Point Bridge I and Point Bridge II
In the history of the City of Pittsburgh, there have been three bridges built at the Point that spanned the Monongahela River. The first, a suspension bridge built in 1877, was called the Point Bridge. It was replaced, in 1927, by a cantilever arch-truss span, often refered to as Point Bridge II. After thirty-two years, the second Point Bridge was replaced, in 1969, by the modern Fort Pitt Bridge.
Point Bridge I
In 1874, during construction of the Union Bridge over the Allegheny River, a proposal was put forth for a sister bridge to provide access from the Point to the communities on the southern shore of the Monongahela River. The Point Bridge Company was formed to design and construct the span, which for several years operated as a toll bridge.

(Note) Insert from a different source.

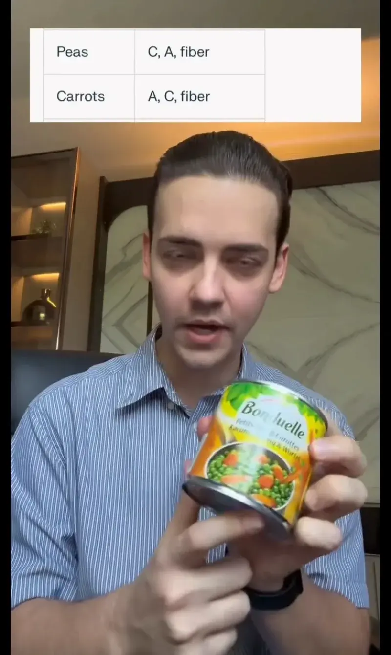 หลายคนตุนแต่ของคาวจนลืมคิดถึงระบบขับถ่าย! ครูเดวิดย้ำเลยว่า "ผักกระป๋อง" อย่างพวกถั่วลันเตาหรือแครอท คือของสำคัญที่ขาดไม่ได้ เพราะอัดแน่นไปด้วย "ไฟเบอร์" วิตามินเอ และวิตามินซี ช่วยรักษาสมดุลร่างกาย ไม่ให้ท้องผูกแม้ในยามที่หาผักสดกินยาก

On July 1, 1875, the American Bridge Company began work on a stiffened chain suspension bridge. The Point Bridge consisted of four wrought-iron towers, to on each bank, with chains suspended there-from to support the bridge deck. The total length of the span was 1,245 feet, with one middle span 800 feet between the towers, and one independent-trussed side span of 145 feet at each shore. The bridge was thirty-four feet wide, with a roadway twenty-one feet wide and two sidewalks of five feet each. The two bridge piers were built of Baden sandstone laid in cement mortar, founded upon timber platforms sunk to a gravel bed below the riverbed.
The bridge approach on the north side was nearly 1,000 feet long, extending along the wharf outside of Water Street to Penn Avenue, then ascending to the bridge. A second short approach connected across the narrow point to the Union Bridge. The total cost of the bridge project was $525,000.

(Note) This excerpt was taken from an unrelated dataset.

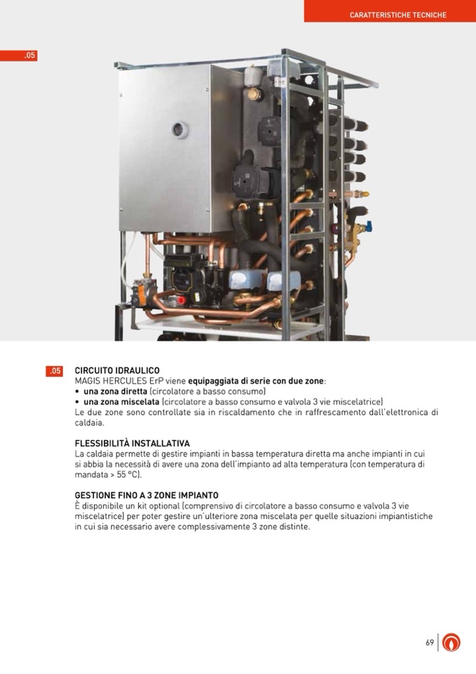 • una zona miscelata (circolatore a basso consumo e valvola 3 vie miscelatrice)

The Point Bridge, opened to traffic in April 1877, was considered an early technological masterpiece, with the four quasi-Egyptian towers as anchor piers, between which traffic moved. Along with the nearby Duquesne Inclined Plane and the emerging streetcar railway network, the Point Bridge was an instant transportation and economic success. It opened up the possibilities of expansion to the southern municipalities and new growth potential for the City of Pittsburgh.
Unfortunately, the bridge owners, the Point Bridge Company, did not maintain the bridge properly. The Point Bridge was purchased by the City of Pittsburgh in 1896, and by 1904 the bridge had been completely overhauled and strengthened. Due to it's light construction, however, engineers conceded that the bridge was still fragile and would eventually have to be replaced.

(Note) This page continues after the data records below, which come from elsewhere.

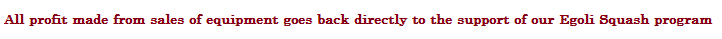 All profit made from sales of equipment goes back directly to the support of our Egoli Squash program.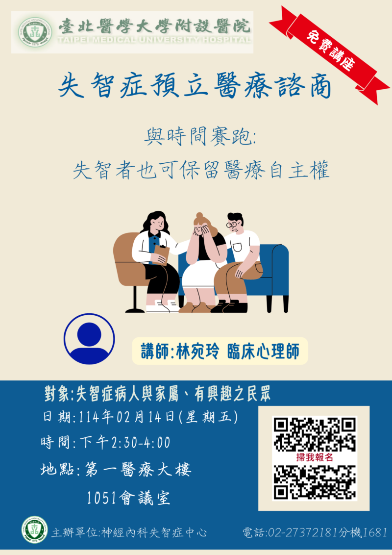【臺北醫學大學附設醫院】2/14(五)14:30-16:00 失智症預立醫療諮商講座 歡迎參加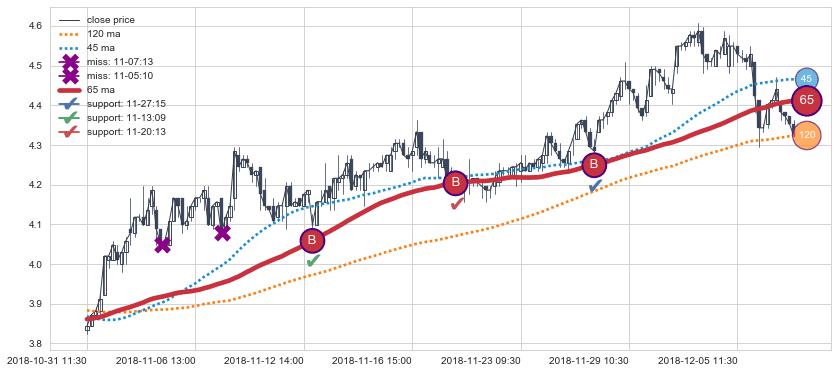 上涨趋势10-31 11:30-12-07 13:00,均线65确认关键支撑3处

The Point Bridge continued to serve the transportation needs of Pittsburghers for another twenty years, until 1924, when the bridge was closed. Plans for a newer, stronger span had been completed, and soon a second Point Bridge would link the southern shores of the Monongahela River with Pittsburgh's Point. The three years that the public went without a river crossing from the south to the Point were difficult, and city residents began a campaign for a quick replacement.
Point Bridge II
As a result of the public outcry over the loss of the original Point Bridge, funds for a new bridge at the same location were approved, and municipal bonds totalling $2,325,000 were issued. Plans for a bridge that would run parallel to the old bridge were approved. To avoid river obstructions, a through-cantilever design was adopted. The total length of the new Point Bridge was to be 1330 feet, including the approachways. The span would support a thirty-eight foot roadway, allowing four lanes of traffic, and two twelve foot sidewalks. The bridge, designed by architect Stanley L. Roush, was given a convex outline to harmonize with the nearby Manchester Bridge.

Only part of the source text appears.